In a call following the firm's third quarter earnings last year, Alere's CEO and President Namal Nawana said the company had shipped over $1 million in Alere q products over the previous two quarters, and that the firm is "excited about the opportunity for this point-of-care molecular platform going forward."
Alere subsequently delayed filing its fourth quarter and full-year 2015 earnings in order to review revenue recognition in Africa and China. The company was soon after subpoenaed by the US Department of Justice, initiating an investigation of its business practices in Africa and other global locations. However, "this investigation has absolutely nothing to do with the development of the Alere q," the Alere spokesperson said, adding that the firm does not comment on ongoing investigations and is fully cooperating with the DOJ.
Meanwhile, HIV viral load measurement at the point of care continues to be a critical need in sub-Saharan Africa. At the time of the evaluation, Alere's test was the only point-of-care platform for HIV viral load that was suitable for implementation at the primary health care level, Jani said. However, a point-of-care test on Quidel's Savanna platform is slated to enter field studies this year. Cepheid's HIV viral load test has been CE-marked on the GeneXpert platform and the firm has described plans to bring that test onto the Omni point-of-care platform, although Omni's development has since been delayed.
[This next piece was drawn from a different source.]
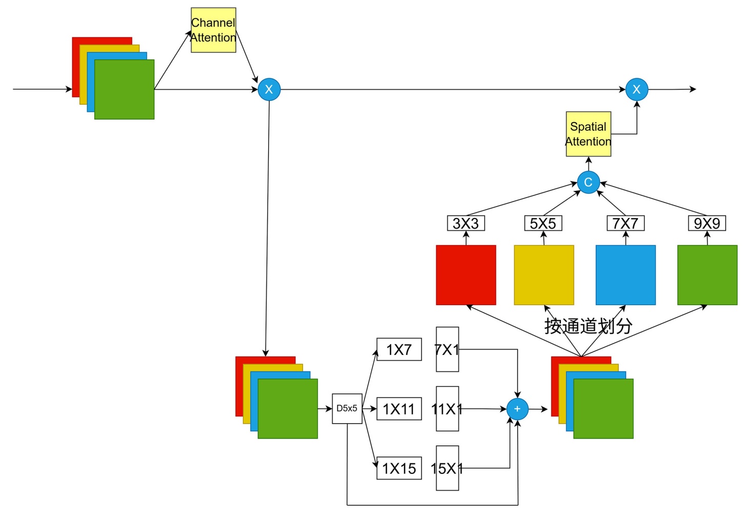 ,并分别通过不同尺度的Depthwise Separable卷积(1 × 1、3 × 3、5 × 5、7 × 7)进行局部上下文建模,以进一步提取不同感受野下的空间信息。分组策略一方面能够降低卷积计算量,另一方面在不同特征子空间内实现方向性特征的独立建模,避免通道间特征干扰。模块在保持轻量化的同时进一步提升了特征的多样性与表达能力。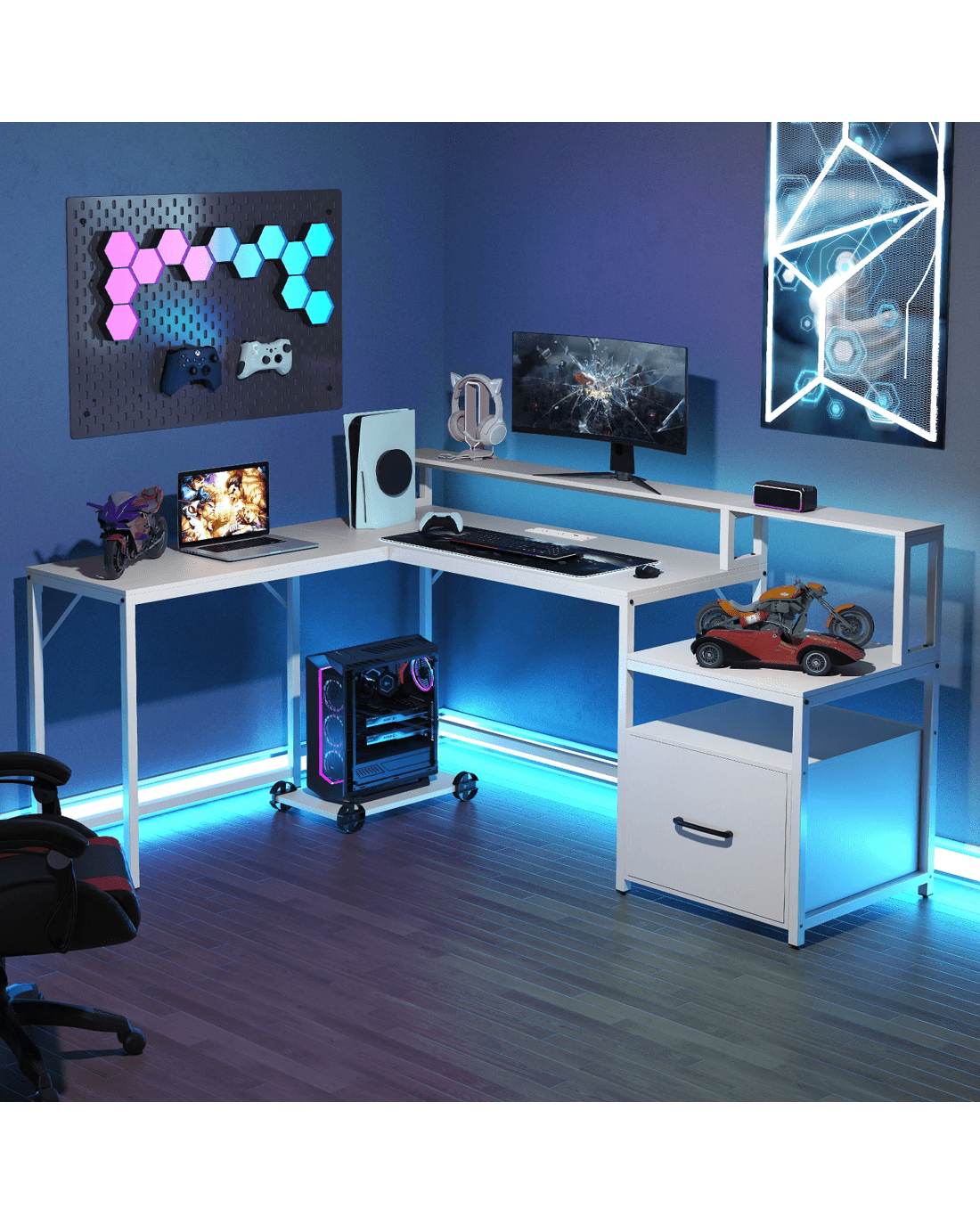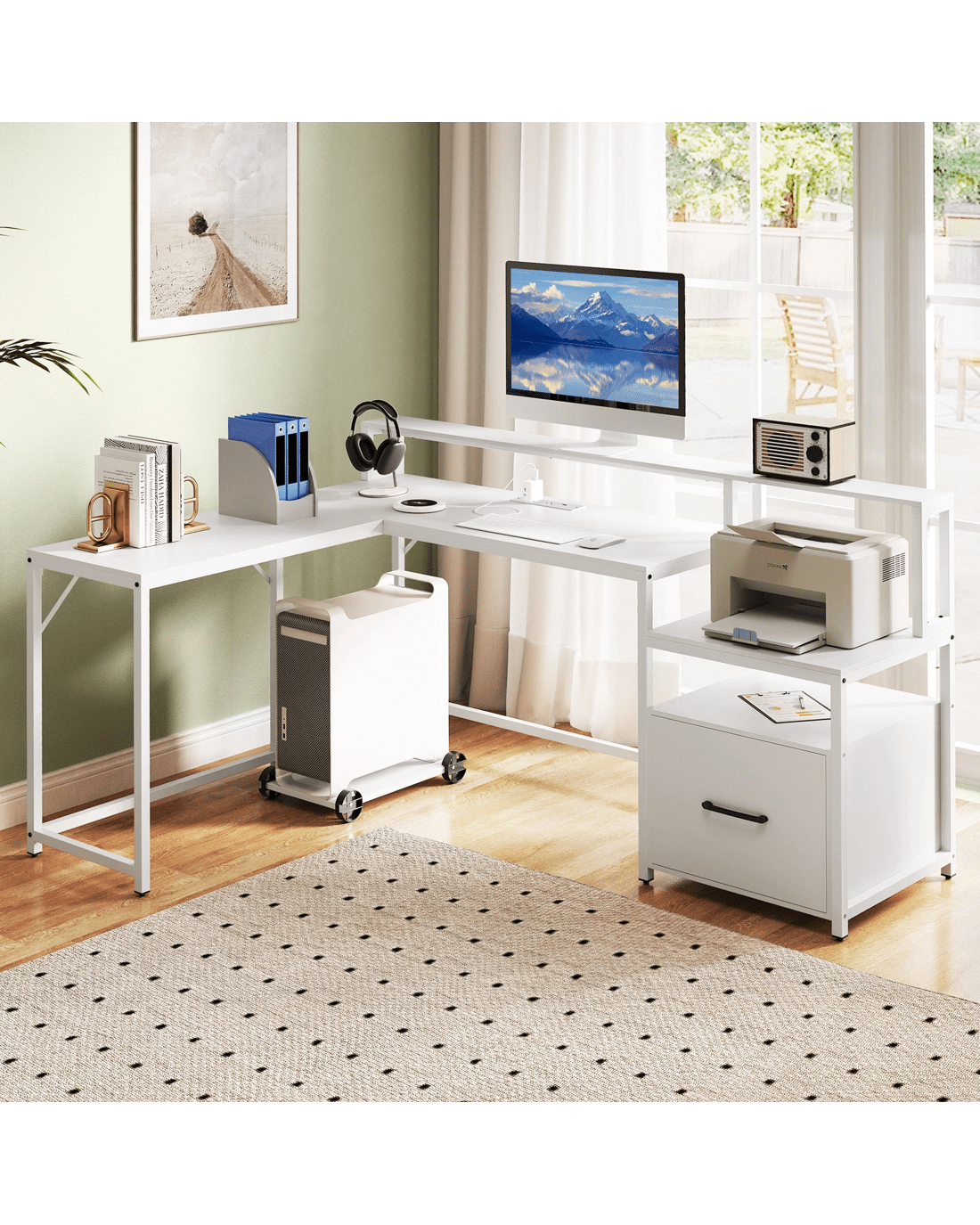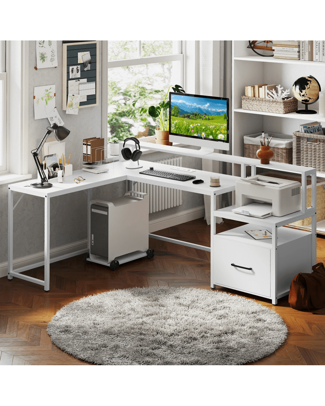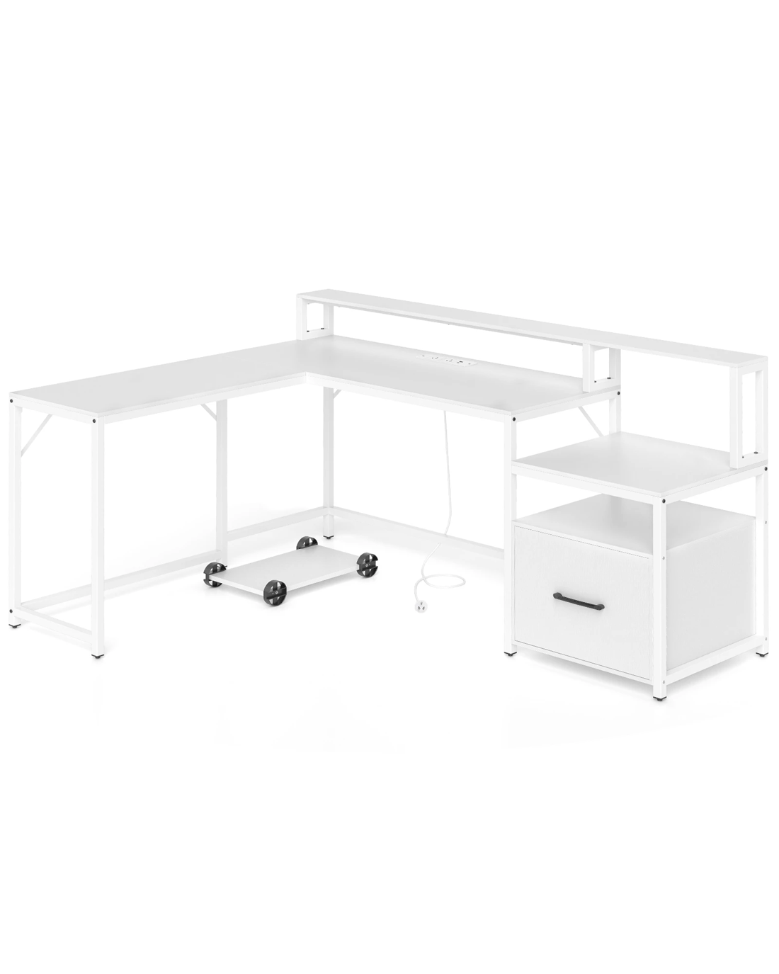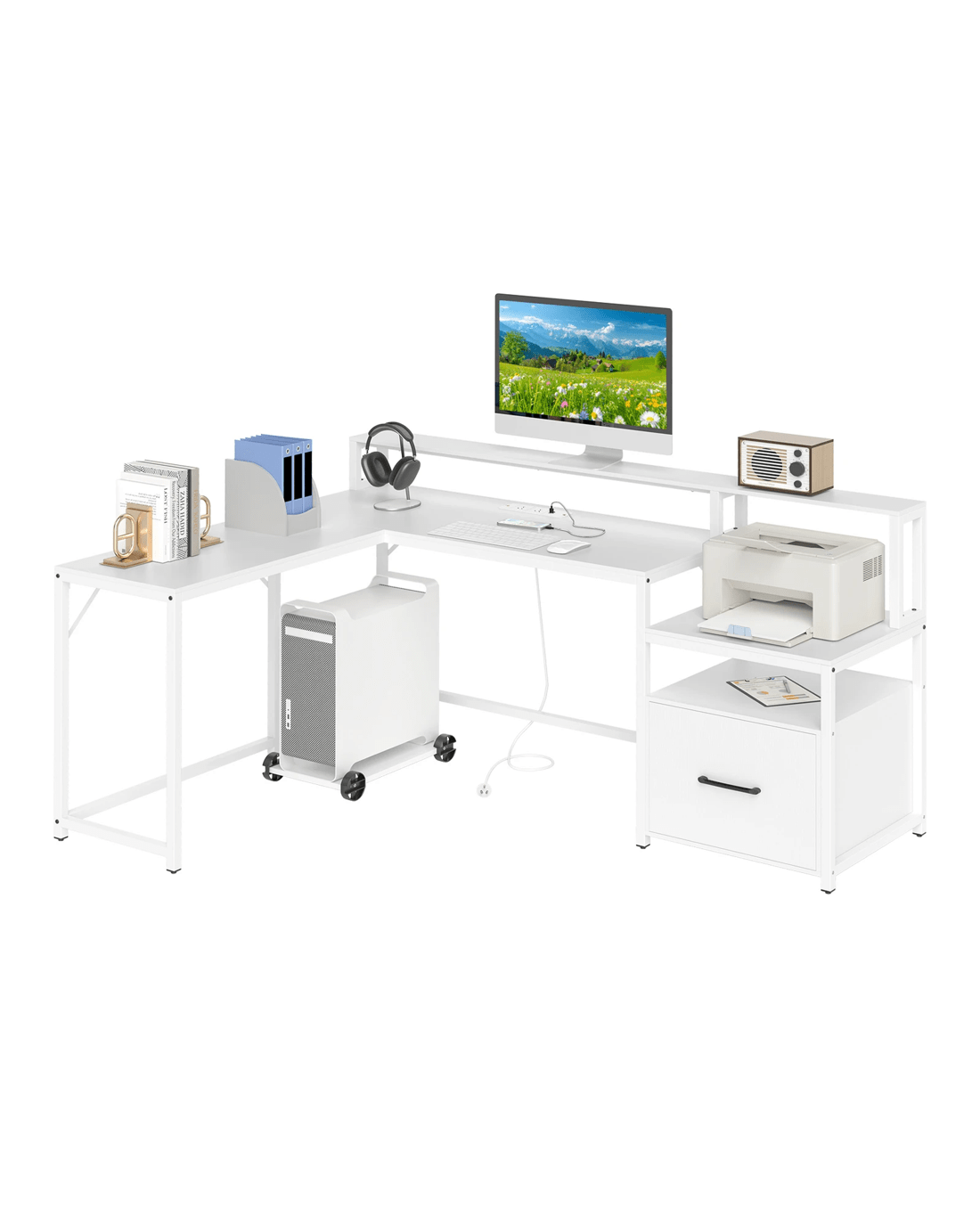 Revolutionize your office setup with this sleek, ultra-functional L-shaped computer desk! Say goodbye to cord chaos with the handy charging station featuring 2 AC outlets, a USB port, and a Type-C port designed to keep your tech at full power. Wave goodbye to clutter with ingenious storage options, including a printer stand and adjustable file cabinet fit for all your documents. Experience unmatched viewing comfort thanks to a cleverly elevated monitor stand that helps to protect your posture. Built to last with a sturdy metal frame and expertly engineered for rock-solid stability, this home office desk fits perfectly into any corner. It’s not just a desk—it’s your new command center for work, gaming, and everything in between. Upgrade your work or play space—transform your productivity and comfort now!

And Iquum had HIV whole blood and plasma tests on the Liat platform when Roche purchased that firm, although whether Roche will choose to develop those further is unclear.
In Mozambique, Jani said he and his colleagues are "aware of the pipeline of HIV related point-of-care assays [and] we are hoping that there will be healthy competition between all these platforms."
Jani said that he expects each one of the assays to reach the market with good analytical performance, a fair price, and feasibility for implementation at primary health care level. "Ultimately, these features will be the drivers of success and market share," he said.
In the meantime, the group will not be using the Alere q HIV viral load test prototypes on patients, in part because the assay is "not yet on the market nor approved by any international regulatory body," Jani said, but he noted that the qualitative test from Alere is currently being considered for implementation in some countries' health systems for early infant HIV diagnosis.